Thursday, December 16, 2004

Churchly Quality Control X: a sad case study

Over at titusonenine and at the Leadership Journal, there is a sad case study of how divisions and poor leadership brought down an ECUSA parish in the aftermath of the 2003 General Convention.

I think there are a number of things relative to church leadership and CQC to be learned from “Trinity” parish. The writer's point that striving for consensus must not become an unanimity trap is especially well taken. Now at my previous church, Denton Bible Church, the elders do insist on unanimity among them. And it seems to have worked well. But I still think insisting on unanimity can be a trap. And it certainly was for this parish.

But for all its good points, I think the article overlooks a more basic problem at the parish. The problems on the parish level after GC 2003 began thus:

During the first Vestry meeting after the crisis, we were considering a motion that would have put the church on record as repudiating the actions of the recent General Convention.

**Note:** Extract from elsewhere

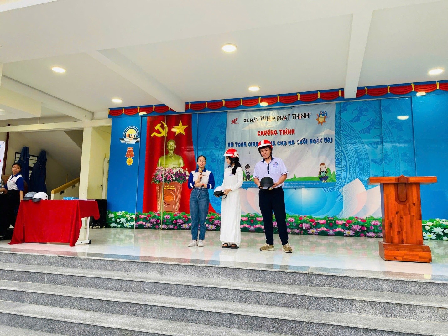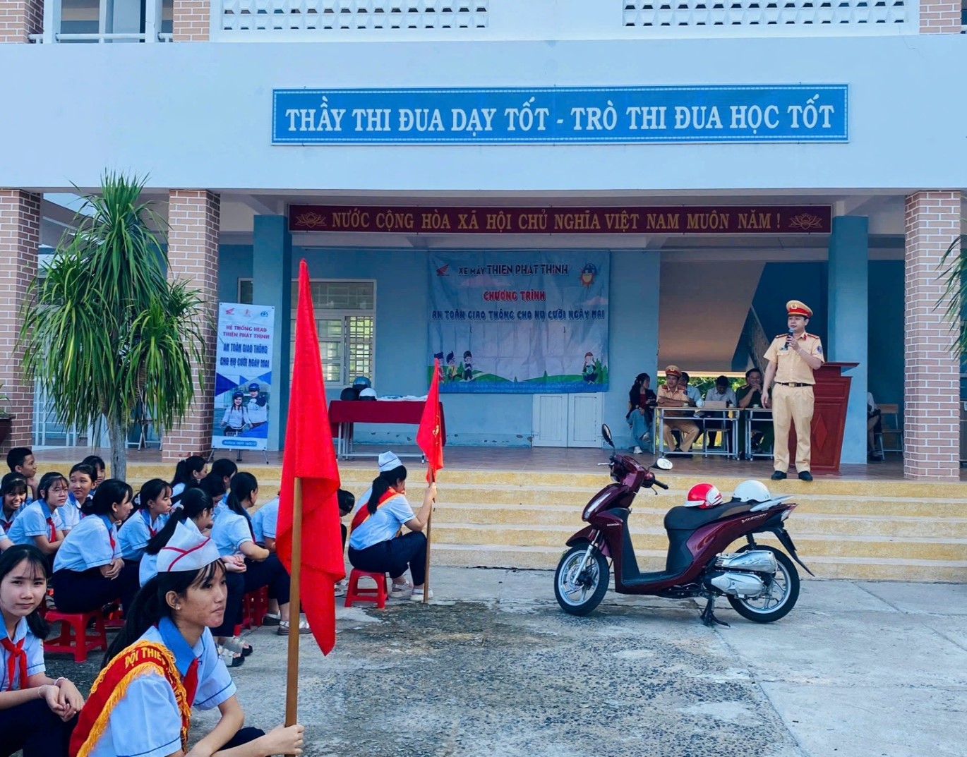 Đặc biệt, với sự phối hợp của cửa hàng xe máy Thiện Phát Thịnh, chương trình còn hướng dẫn kỹ năng lái xe an toàn, cách đội mũ bảo hiểm đúng quy chuẩn, giúp các em rèn luyện ý thức tự bảo vệ bản thân và bạn bè khi tham gia giao thông.

As the motion was being discussed, Jane, a liberal member, blurted out on the verge of tears, "If this passes, I'm leaving the church."

And instead of gently saying they hope she stays but they are going to do the right thing, the Vestry let this and other whiny liberals delay and muck everything up.

“Jane” and other liberals should not have been on the Vestry in the first place. You don’t put liberals or anyone else unfaithful to scripture in positions of leadership. If they don’t hold to the authority of God’s word, then they shouldn’t be exercising authority over God’s church, period, no matter how much they contribute or how nice they are or how long she’s been a member, etc.

Yes, excluding liberals from leadership will have a cost in some churches. People and money may leave in hurt and anger. But real discipleship and faithfulness are always costly.

But what if you already have liberals in leadership? Then you respect their leadership as much as you can without being unfaithful to Christ until you can remove them in the proper manner. In the meantime, you don’t let them run the show if you can stop them. If that makes them have a temper tantrum or threaten to leave, you respond graciously, but again you don’t let liberals dictate the direction of the church. Trinity parish was about to head in the right direction in responding to GC 2003 until it let the liberal minority dictate matters. Instead, things became an awful mess.

Yes, this post may seem mean. And I don’t want to run liberals out of churches. But a little leaven leavens the whole loaf. Liberals didn’t lead the mainline denominations into apostasy in one day. They began by taking advantage of the niceness of conservatives to get a foothold into leadership positions many years ago. Then over decades they took over session after session, vestry after vestry, presbytery after presbytery, diocese after diocese . . .

It could have been stopped at the parish/congregation level. But orthodox Christians were too stinking nice to do so. They were too nice at Trinity parish, too, and look what happened.

Sometimes, love is being firm and standing for what is right and refusing to back down.